P12 - CSCI 476/576

Lecture 12 Problems - CSCI 476/576

Implement the normalized cross correlation cost function for two patches:

def ncc_cost(left_patch, right_patch):
    """ Compute the "normalized cross correlation" cost between a
    given left patch and right patch. """

Suppose a camera is in canonical pose - that is, COP is at world origin, the optical axis runs along the negative z axis, and the projection plane is oriented with \(x\) going right and \(y\) going up in image space.

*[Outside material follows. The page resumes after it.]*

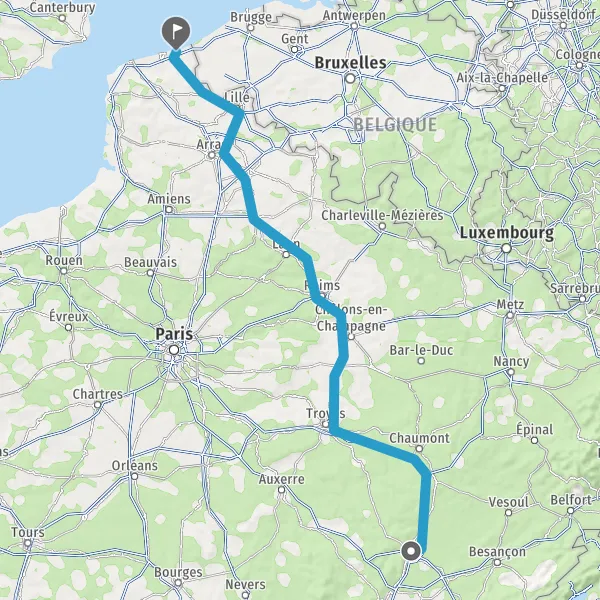 Prendre à droite et rejoindre A26 E17. Continuer sur 96 kilomètres

The focal length of the camera is 100 (this is measured in pixels), and the height and width of the image are also 100. Three world points are positioned as follows:

\(p_1 = [0, 0, -200]\)

\(p_2 = [-20, 50, -200]\)

\(p_3 = [-100, 100, -200]\)

Find the image coordinates (i.e., pixel coordinates that correspond to indices into a numpy array) of the above three world points. Keep in mind that in numpy arrays, the origin is at the top left and \(y\) goes down.

Write down the intrinsics matrix \(K\) that maps any point from camera coordinates to image coordinates as above. To check your work, make sure that applying the matrix to the three three points in the previous problem yields the expected result.

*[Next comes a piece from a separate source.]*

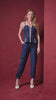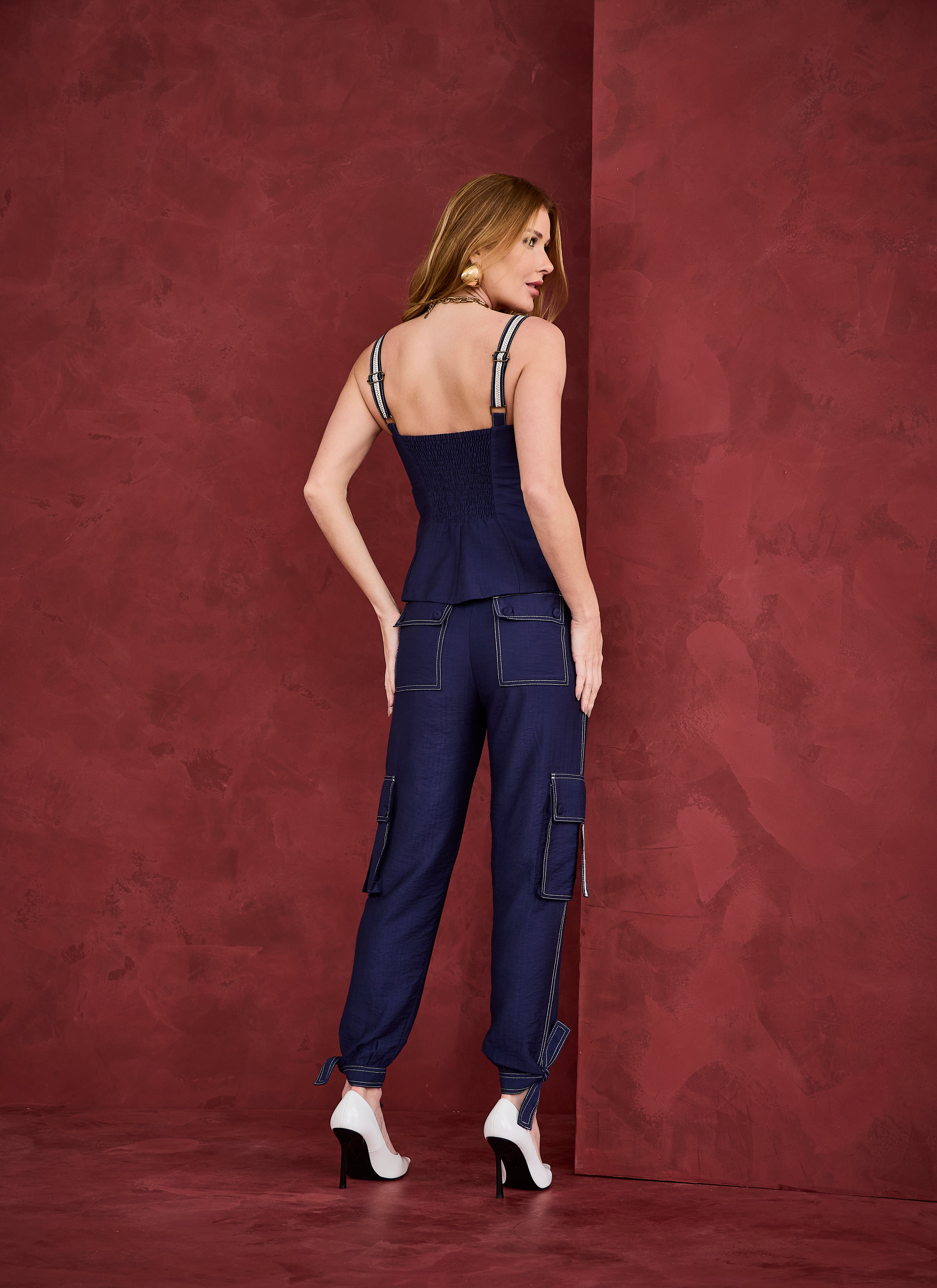 Conjunto em tom azul que une modernidade e sofisticação em um design marcante. A blusa de alças apresenta modelagem estruturada com fechamento frontal por zíper, valorizando a silhueta, além dos bolsos utilitários que trazem um toque contemporâneo. A calça complementa o look com caimento impecável e detalhes utilitários, como bolsos laterais e acabamentos em contraste que enriquecem a peça. Um conjunto elegante e cheio de personalidade, perfeito para produções atuais e estilosas.

Now let’s suppose we moved camera. It’s now looking at the same points, but the camera center is at \([200, 0, -200]\) and it’s rotated 90 degrees “left” - in terms of world coordinates, it’s now facing down the negative \(x\) axis, with \(-z\) going right and \(+y\) going up. The following diagram shows a top-down view of the world \(x-z\) plane; everything relevant to this problem lives in this plane except for \(p_3\), which floats 100 units out of the screen towards you.

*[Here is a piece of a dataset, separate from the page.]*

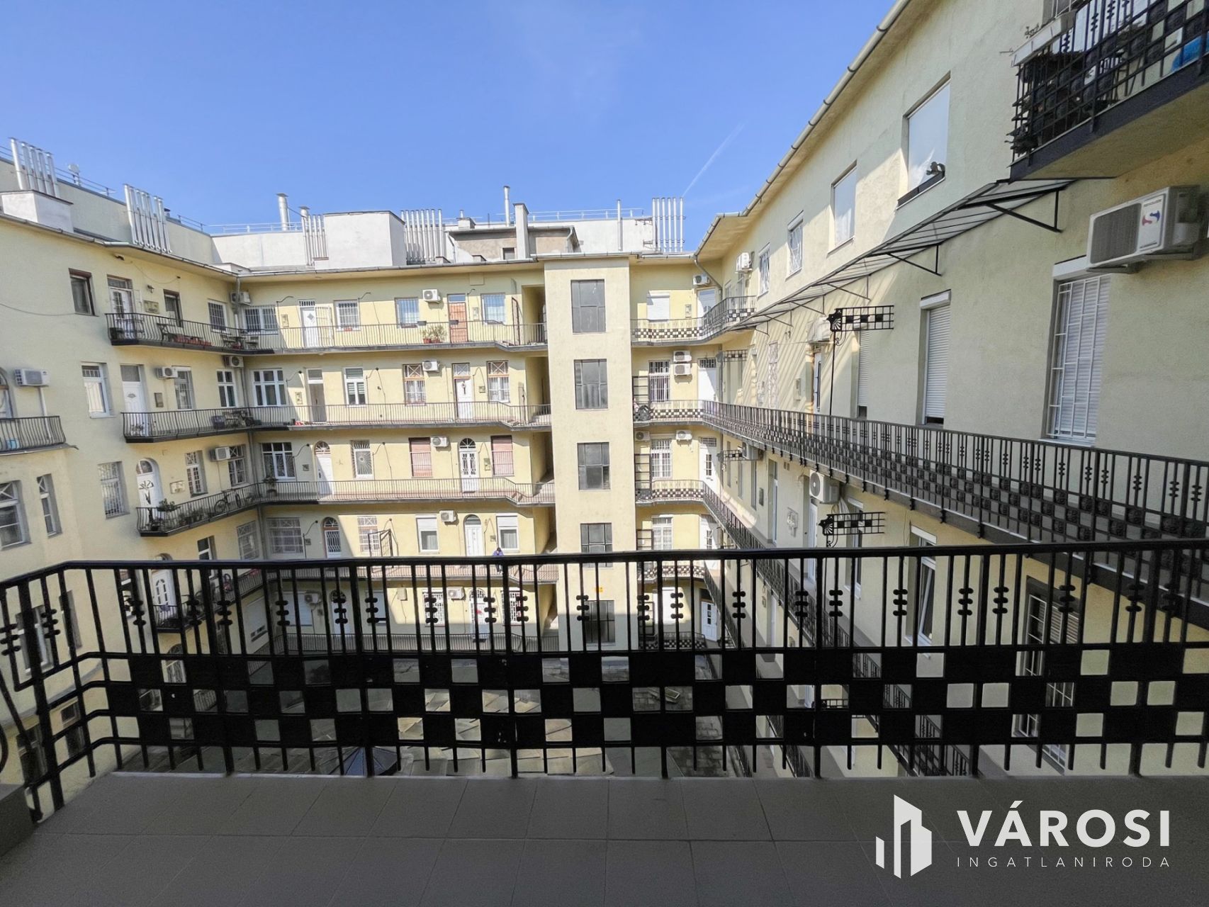 Közel 3nm-es erkély mely a mellékutcára, kisebb részben a Rákóczi útra tekint.

For world points \(p_1\) and \(p_3\) from above, give the 3D coordinates of these points in the camera’s local coordinate system.

Give a 4x4 frame (i.e., basis plus origin) matrix that describes this camera’s pose; the contents of this matrix should be \[ \begin{bmatrix} \mathbf{u} & \mathbf{v} & \mathbf{w} & \mathbf{p} \\ 0 & 0 & 0 & 1\end{bmatrix} \] where \(\mathbf{u},\mathbf{v},\mathbf{w}\) are the (x, y, and z) basis vectors of the camera’s local coordinate system, and \(\mathbf{p}\) is its origin.

The above frame matrix is the “frame-to-canonical” matrix: it converts points represented in the given coordinate frame back into world coordinates. What we want instead for the camera matrix is the opposite: a matrix that transforms world coordinates into camera coordinates. Confirm (using software) that the inverse of the matrix that you gave in #5 correctly transforms world coordinates of Points 1 and 3 into the correct camera coordinates you found in #4.

Find (again, using software) the final pixel locations of world points 1 and 3.